Actually, my title lies. It's lovely up North. It's grim down South.

So many cities, so many trains and so very many sandwiches have come and gone in the past couple of weeks; and I've been loving every minute of it. Let's have a city-by-city account of the last two weeks.

Bristol - Saturday 16th
Sort of last minute thing. Classy had a spare ticket to see Russell Howard (Comedian of Mock The Week fame) in a small room above a pub in Bristol, and invited me along. Neither me, Kazz nor Classy know Bristol, so we went the opposite direction to the city centre all afternoon, wondering where the heck everything was. All was not lost, we managed to get back to where we started, by which point we had to find the venue. We were 1 foot from the tiny stage, got picked on a lot by his warm-up acts. Russell was, of course, at his hyperactive comedic best and has us unable to breathe we were laughing so hard. All in all, a good night.

Bath - Tuesday 19th
Another last minute thing, really. Tash wanted someone to go look at Bath uni with her, and as an intrepid traveller, I said I'd go with her. I wanted to go look anyway, my auntie Catherine and her best friend Arwen (more about her later) had done their Biochemistry PhDs together there, and highly recommended it. We got the most rancid train I'd ever seen up to that point to Bath (It was on the way to Wales, the trains there are very poorly maintained), and managed to find the bright orange buses by Bath Abbey to take us to the out-of-town uni. It's a very odd uni, apparently the central area is based on a town centre. I can believe that. It looks how Hounslow would if it were full of posh anxious parents checking out the place on behalf of their little darlings, rather than letting them make their own choice. It was a poorly run day, everything was in the sports hall, with no signs indicating that that was the case. We got lost a few times and had to dive through a few hedges. Had a good day, though. Bath's a lovely city and the Uni's quite nice. I decided that I wouldn't bother with any out-of-town unis. They just don't feel right. I'm working on the hope that a Uni will feel right, you see, and it has to capture the essence of its host town to do that. If you see what I mean. Got an even more revolting train back and packed for my Northern adventure.

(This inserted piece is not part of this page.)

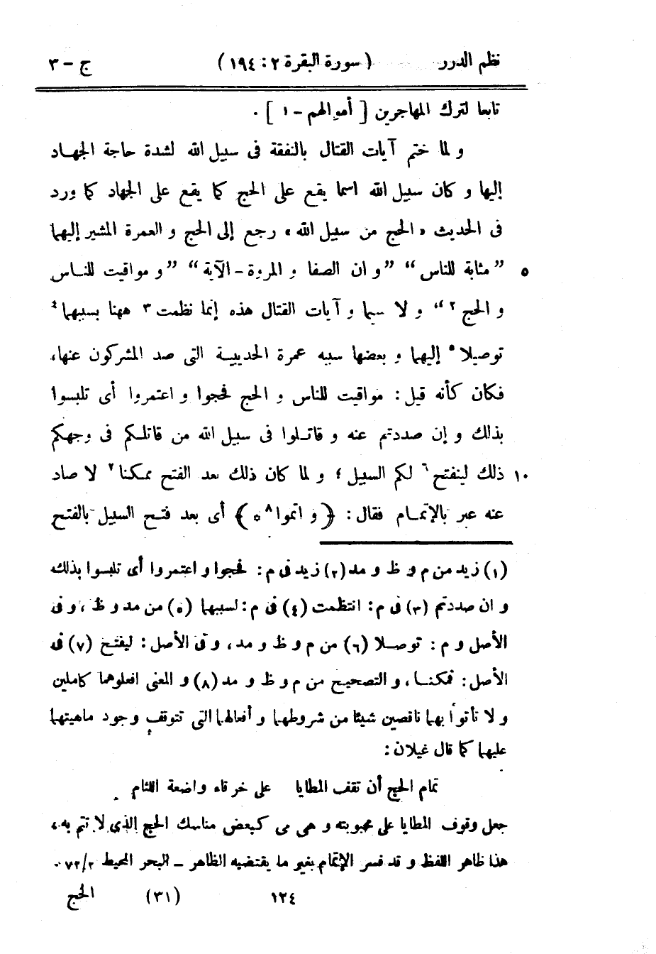 ولما ختم آيات القتال بالنفقة في سبيل الله لشدة حاجة الجهاد إليها وكان سبيل الله اسماً يقع على الحج كما يقع على الجهاد كما ورد في الحديث «الحج من سبيل الله» رجع إلى الحج والعمرة المشير إليهما {مثابة للناس} [البقرة: 125] و {إن الصفا والمروة} [البقرة: 158] الآية، و {مواقيت للناس والحج} ولا سيما وآيات القتال هذه إنما نظمت ههنا بسببهما توصيلاً إليهما وبعضها سببه عمرة الحديبية التي صدّ المشركون عنها، فكان كأنه قيل: مواقيت للناس والحج فحجوا واعتمروا أي تلبسوا بذلك وإن صددتم عنه وقاتلوا في سبيل الله من قاتلكم في وجهكم ذلك لينفتح لكم السبيل، ولما كان ذلك بعد الفتح ممكناً لا صاد عنه عبر بالإتمام فقال: {وأتموا *} أي بعد فتح السبيل بالفتح
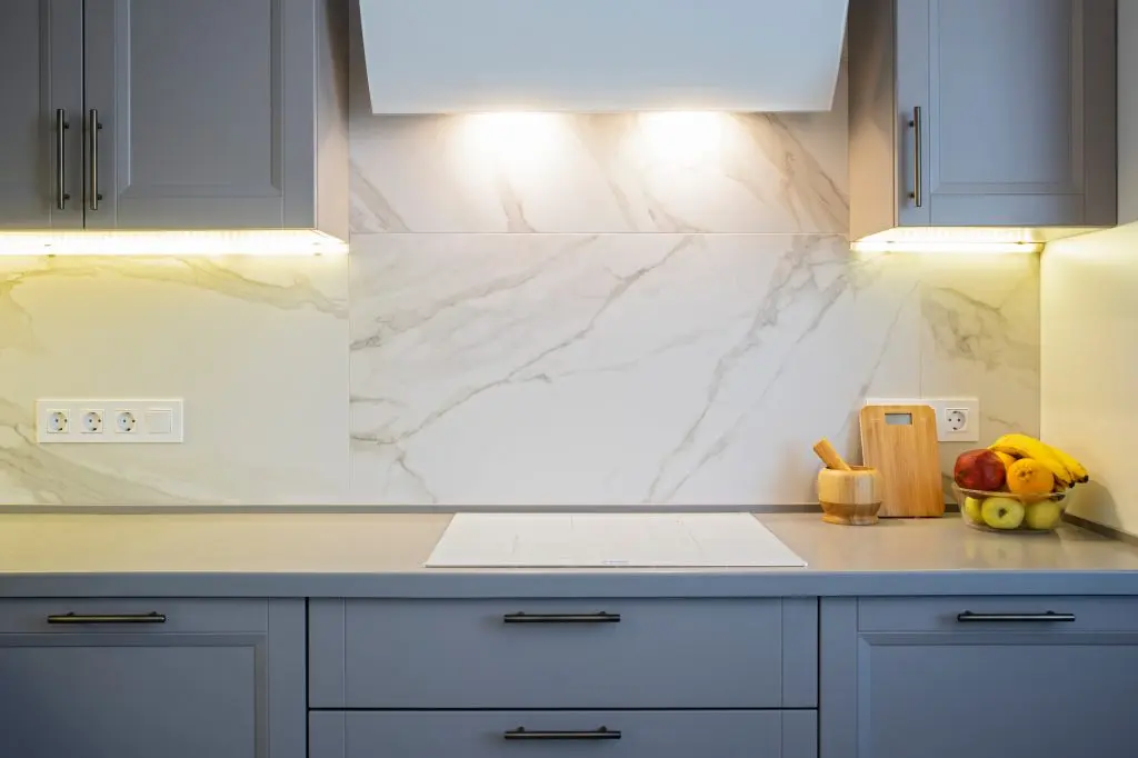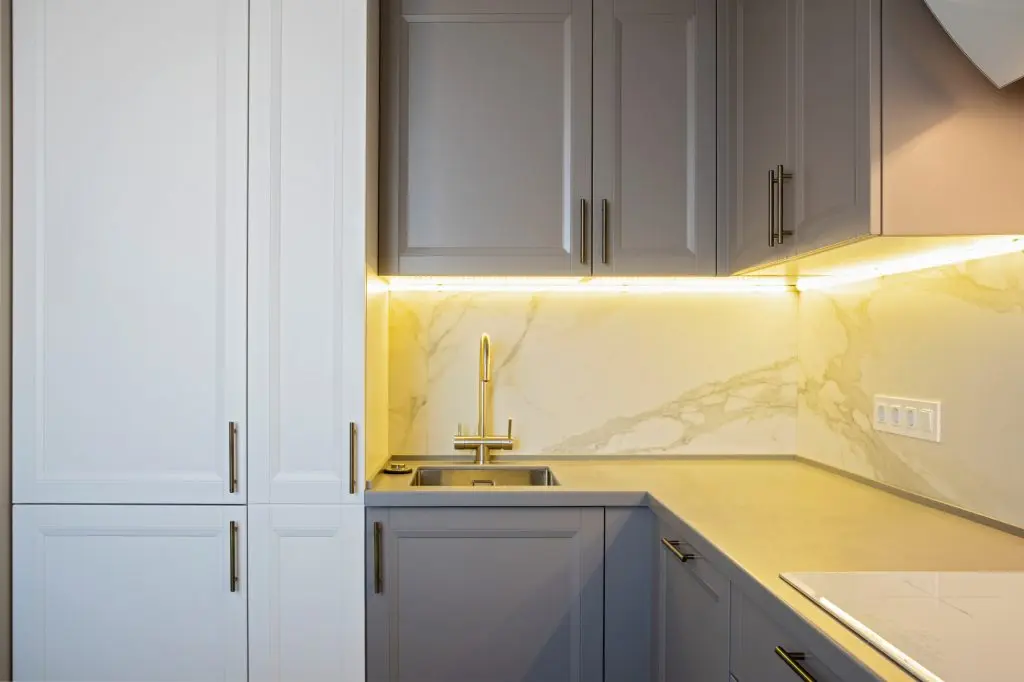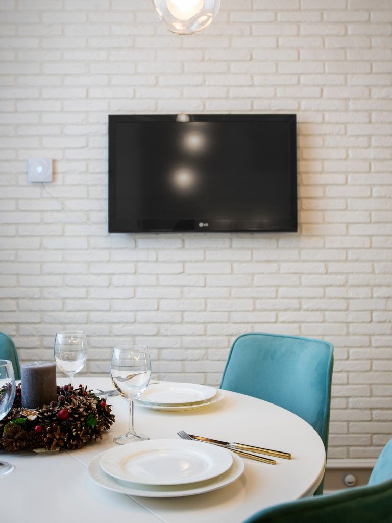 Bucataria, cu mobilierul din mdf gri si alb, a fost pusa in valoare de nuantele de turquoise folosite la tapiteria scaunelor si a draperiei. Backsplashul din marmura Calacatta contribuie la atmosfera eleganta a spatiului, in timp ce iluminarea cu benzi L ED a intradosului mobilierului suspendat asigura un iluminat util, de accent, si evidentiaza latura moderna a amenajarii.

Manchester - Wednesday 20th - Friday 22nd
Having got to Newbury station at 0645, I could tell this was going to be a knackering day. I wasn't half wrong. The journey was long, tedious and uneventful, as I thought. Loads of really boring looking commuters tapping away on spreadsheets. I'd not had any reservations about going a few hundred miles away from everyone I know on my own to stay in unfamiliar cities before, but a feeling of dread hit me when we pulled into Manchester. What the hell was I doing?! What if I can't find my hotel, what if I get run over... what if X, what if Y... I knew all those fears were bollocks when I stepped out of Piccadilly station into a bustling, vibrant, cosmopolitan and exceedingly friendly city. The Sons and Daughters of Manchester are incredibly friendly and more than willing to point a lost soul in the right direction. Total culture shock and such a contrast to Newbury, where the locals probably wouldn't even give you the time of day. I somehow managed to find my youth hostel which was... cosy. It did the trick, I only needed a roof over my head for one night. My only complaint was that the communal shower area's showers had glass doors (half frosted), but a towel sorted that problem out. Anyway. Manchester is an amazing city. Most of the centre is relatively new. They rebuilt it all from scratch after those IRA bombings a while back. It's a city with an attitude, and it's damn loud and proud about that. I didn't know it had a tram system until I was about 3 seconds from being hit by one. Oops. If I didn't have my traffic-dodging senses and reflexes hard-wired as a result of growing up in London, I'd probably be a bit of a mess now. Ah well, that which doesn't kill you makes you stronger. There was a whole "palace" of cool indie shops in a backstreet off the city centre, which sold everything from novelty condoms to bondage gear. Nah, it wasn't all sex. There were piercings and vintage things too! The best bit of Manchester (aside from its people) has to be Piccadilly Gardens. It's a little island of concretey grassy goodness with a coffee shop, which seems to rise up from the traffic and people an chaos around it. It was a calm place where you could lie down on the grass, sipping a cup of tea, reading a paper and watching all the people and bicycles and cars and trams and buses go by. Lovely. Oh, and I bumped into Tom Smith, lead singer of Editors :D

York - Thursday 21st
Away from the madness of Manchester, up in North Yorkshire, lies the city of York. It's like Oxford, only more real. It has a sense of attainability about it. I prefer it to Oxford, it's more laid back. It's a labyrinth of cobbled streets with funny little speciality shops interspersed in between the usual high street subjects. It has walls and gardens and a river and a castle, a brass band playing by the fountain in town centre and higgldey piggldey Tudor houses. A true picture postcard English town. A few too many of the residents seemed to be elderly here. Adorable, but not somewhere to spend any great length of time in.

Back in Manchester...

Met up with my aunt, Catherine, who lives on a boat 30 miles south of Manchester. With a dog. A cat. And a husband. Hell yeah. We went out for dinner, on a ride on Manchester's equivalent of the London eye, around and about. Good times.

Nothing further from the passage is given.